Bootstrap

kafka源码阅读-ReplicaStateMachine(副本状态机)解析

概述

Kafka源码包含多个模块,每个模块负责不同的功能。以下是一些核心模块及其功能的概述:

  1. 服务端源码 :实现Kafka Broker的核心功能,包括日志存储、控制器、协调器、元数据管理及状态机管理、延迟机制、消费者组管理、高并发网络架构模型实现等。

  2. Java客户端源码 :实现了Producer和Consumer与Broker的交互机制,以及通用组件支撑代码。

  3. Connect源码 :用来构建异构数据双向流式同步服务。

  4. Stream源码 :用来实现实时流处理相关功能。

  5. Raft源码 :实现了Raft一致性协议。

  6. Admin模块 :Kafka的管理员模块,操作和管理其topic,partition相关,包含创建,删除topic,或者拓展分区等。

  7. Api模块 :负责数据交互,客户端与服务端交互数据的编码与解码。

  8. Client模块 :包含Producer读取Kafka Broker元数据信息的类,如topic和分区,以及leader。

  9. Cluster模块 :包含Broker、Cluster、Partition、Replica等实体类。

  10. Common模块 :包含各种异常类以及错误验证。

  11. Consumer模块 :消费者处理模块,负责客户端消费者数据和逻辑处理。

  12. Controller模块 :负责中央控制器的选举,分区的Leader选举,Replica的分配或重新分配,分区和副本的扩容等。

  13. Coordinator模块 :负责管理部分consumer group和他们的offset。

  14. Javaapi模块 :提供Java语言的Producer和Consumer的API接口。

  15. Log模块 :负责Kafka文件存储,读写所有Topic消息数据。

  16. Message模块 :封装多条数据组成数据集或压缩数据集。

  17. Metrics模块 :负责内部状态监控。

  18. Network模块 :处理客户端连接,网络事件模块。

  19. Producer模块 :生产者细节实现,包括同步和异步消息发送。

  20. Security模块 :负责Kafka的安全验证和管理。

  21. Serializer模块 :序列化和反序列化消息内容。

  22. Server模块 :涉及Leader和Offset的checkpoint,动态配置,延时创建和删除Topic,Leader选举,Admin和Replica管理等。

  23. Tools模块 :包含多种工具,如导出consumer offset值,LogSegments信息,Topic的log位置信息,Zookeeper上的offset值等。

  24. Utils模块 :包含各种工具类,如Json,ZkUtils,线程池工具类,KafkaScheduler公共调度器类等。

这些模块共同构成了Kafka的整体架构,使其能够提供高吞吐量、高可用性的消息队列服务。

kafka源码分支为1.0.2

分区状态机记录着当前集群所有 Partition 的状态信息以及如何对 Partition 状态转移进行相应的处理;副本状态机则是记录着当前集群所有 Replica 的状态信息以及如何对 Replica 状态转变进行相应的处理。

kafkaController初始化时,会启动replicaStateMachine和partitionStateMachine:

    //在 KafkaController 中
    //有两个状态机:分区状态机和副本状态机;
    //一个管理器:Channel 管理器,负责管理所有的 Broker 通信;
    //相关缓存:Partition 信息、Topic 信息、broker id 信息等;
    //四种 leader 选举机制:分别是用 leader offline、broker 掉线、partition reassign、最优 leader 选举时触发;
    //启动副本状态机,初始化所有 Replica 的状态信息,如果 Replica 所在节点是 alive 的,那么状态更新为 OnlineReplica, 否则更新为 ReplicaDeletionIneligible;
    replicaStateMachine.startup()
    //启动分区状态机,初始化所有 Partition 的状态信息,如果 leader 所在 broker 是 alive 的,那么状态更新为 OnlinePartition,否则更新为 OfflinePartition
    partitionStateMachine.startup()

ReplicaStateMachine类相关方法:

  /**
   * Invoked on successful controller election.

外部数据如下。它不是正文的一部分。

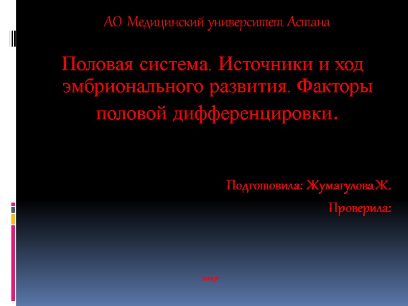АО Медицинский университет Астана Половая система. Источники и ход эмбрионального развития. Факторы половой дифференцировки. Подготовила: Жумагулова Ж. Проверила: 2015г
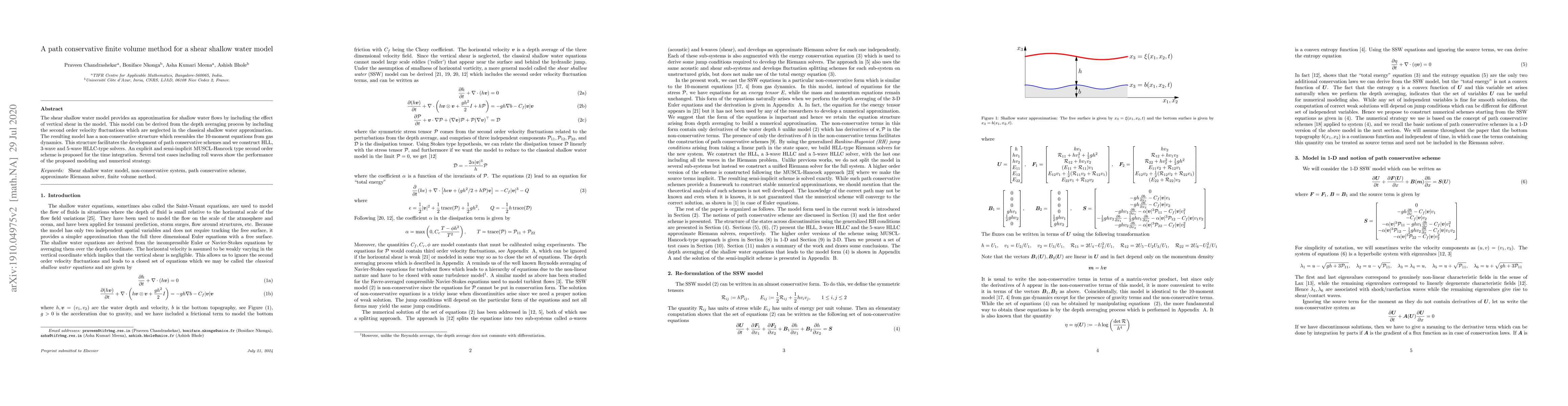 This paper develops a path conservative finite volume method for a shear shallow water model that accounts for vertical shear effects, proposing HLL, 3-wave, and 5-wave HLLC-type solvers along with a second-order MUSCL-Hancock scheme for time integration. The method is validated through various test cases, including roll waves.
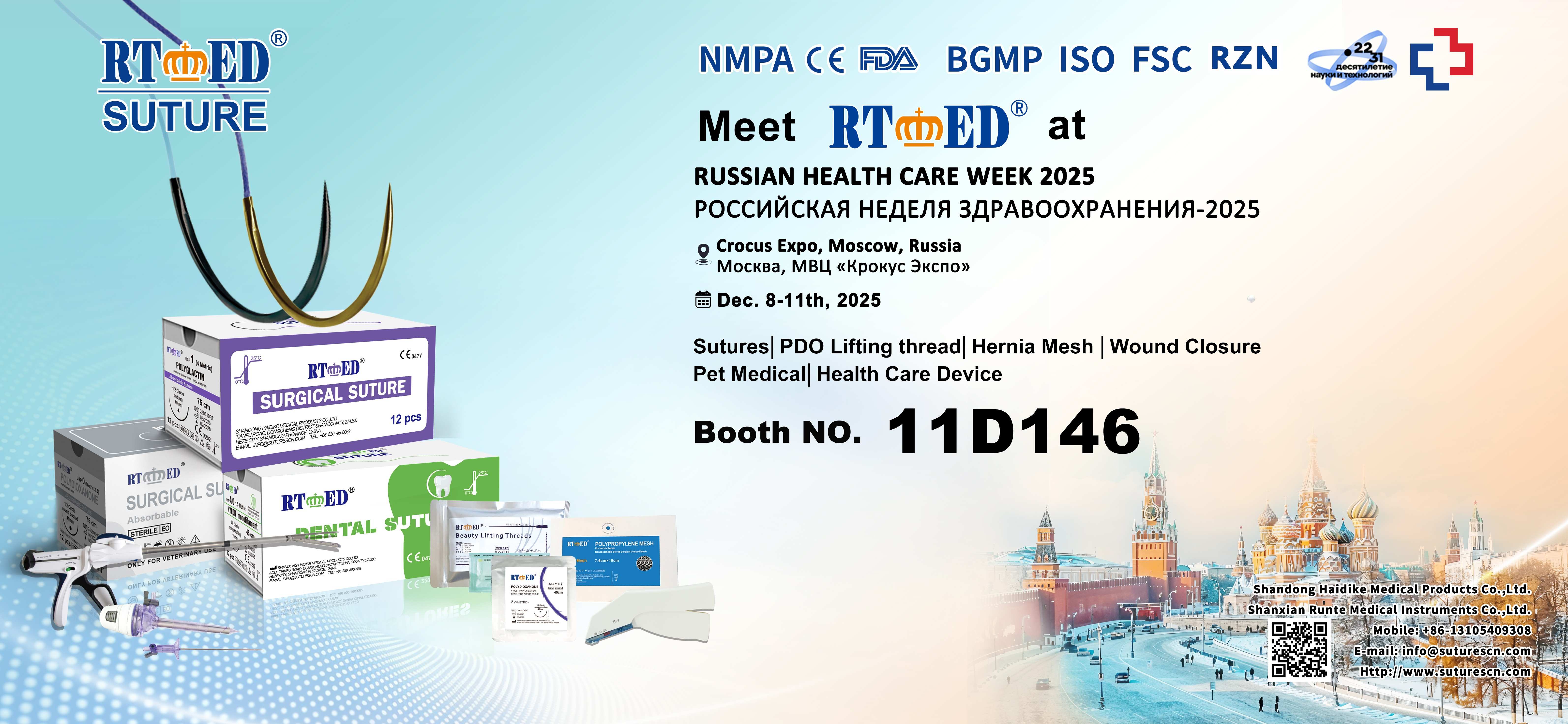 Shandong Haidike Medical Products Co., Ltd. specializes in the production of medical consumables enterprises. We have CE, FDA, ISO and CFDA certification. RTMED has registered as Madrid trademark. The main products are absorbable surgical suture with needle (Plain / Chromic Catgut, PGA, PDO, PGLA, PGCL, etc.), non-absorbable surgical suture with needle (Silk, Nylon, Polyester, Polypropylene etc.),surgical needle (300SS and 400SS Series), lifting threads for beauty, medical mask, wheelchair, orthopedic casting tapes & splints, polypropylene meshes, Pet medical products and so on.
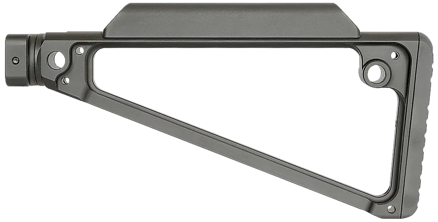 Fixed postion, features 5 QD sling attachments. Stock is made from Hard Coat Anodized 6061 Aluminum, cheek piece and butt pad made by Midwest Industries, polymer cheek piece and rubber butt pad for better comfort. Adds 9 to overall firearm length, complete assembly weight: 11 oz.

First registers a broker change listener since that triggers all
   * state transitions for replicas. Initializes the state of replicas for all partitions by reading from zookeeper.
   * Then triggers the OnlineReplica state change for all replicas.
   */
  def startup() {
    // //初始化所有副本的状态信息
    initializeReplicaState()
    //将online的replica状态转变为OnlineReplica
    handleStateChanges(controllerContext.allLiveReplicas(), OnlineReplica)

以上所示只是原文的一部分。